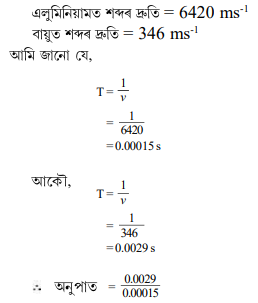 ৪. এলুমিনিয়ামৰ দণ্ড এডালৰ দুই মুৰত দুজান ছাত্র আছে। এজনে শিলগুটিৰে দণ্ডডাল টুকুৰাই দিলে। শব্দ বায়ু আৰু এলুমিনিয়ামৰ মাজেৰে গৈ ইজন ছাত্ৰৰ ওচৰ পাওঁতে লগা সময়ৰ অনুপাত উলিওৱা।
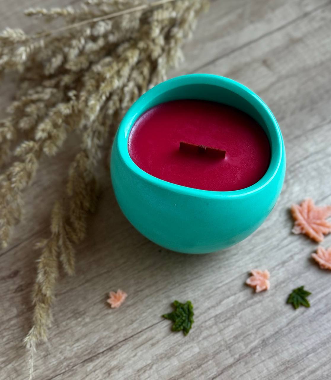 Turkusowe naczynie nadaje świecy nowoczesny, stylowy wygląd, a drewniany knot podczas palenia subtelnie skwierczy, przypominając dźwięk kominka. Idealna zarówno do relaksu po ciężkim dniu, jak i jako oryginalny prezent.
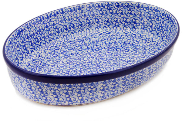 This Magical Blue 12" Oval Baker was handmade and hand decorated in Boleslawiec, Poland by skilled artisans according to old traditional methods. This Polish stoneware is microwave, dishwasher, freezer, and oven safe up to 480°F. It does not contain lead or cadmium. It is part of the Magical Blue Collection.
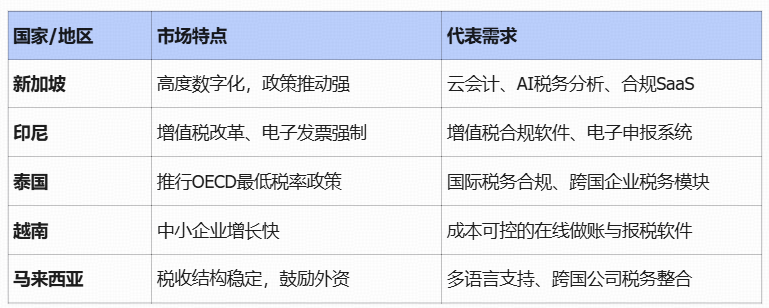 以新加坡为代表的高收入经济体,构成了东南亚财税软件市场的标杆板块。

----

__PROMPT__
Only the pictures are to be left out; the rest of the material above should be printed verbatim.

__WRITTEN RESPONSE__
 ৪. এলুমিনিয়ামৰ দণ্ড এডালৰ দুই মুৰত দুজান ছাত্র আছে। এজনে শিলগুটিৰে দণ্ডডাল টুকুৰাই দিলে। শব্দ বায়ু আৰু এলুমিনিয়ামৰ মাজেৰে গৈ ইজন ছাত্ৰৰ ওচৰ পাওঁতে লগা সময়ৰ অনুপাত উলিওৱা।
 Turkusowe naczynie nadaje świecy nowoczesny, stylowy wygląd, a drewniany knot podczas palenia subtelnie skwierczy, przypominając dźwięk kominka. Idealna zarówno do relaksu po ciężkim dniu, jak i jako oryginalny prezent.
 This Magical Blue 12" Oval Baker was handmade and hand decorated in Boleslawiec, Poland by skilled artisans according to old traditional methods. This Polish stoneware is microwave, dishwasher, freezer, and oven safe up to 480°F. It does not contain lead or cadmium. It is part of the Magical Blue Collection.
 以新加坡为代表的高收入经济体,构成了东南亚财税软件市场的标杆板块。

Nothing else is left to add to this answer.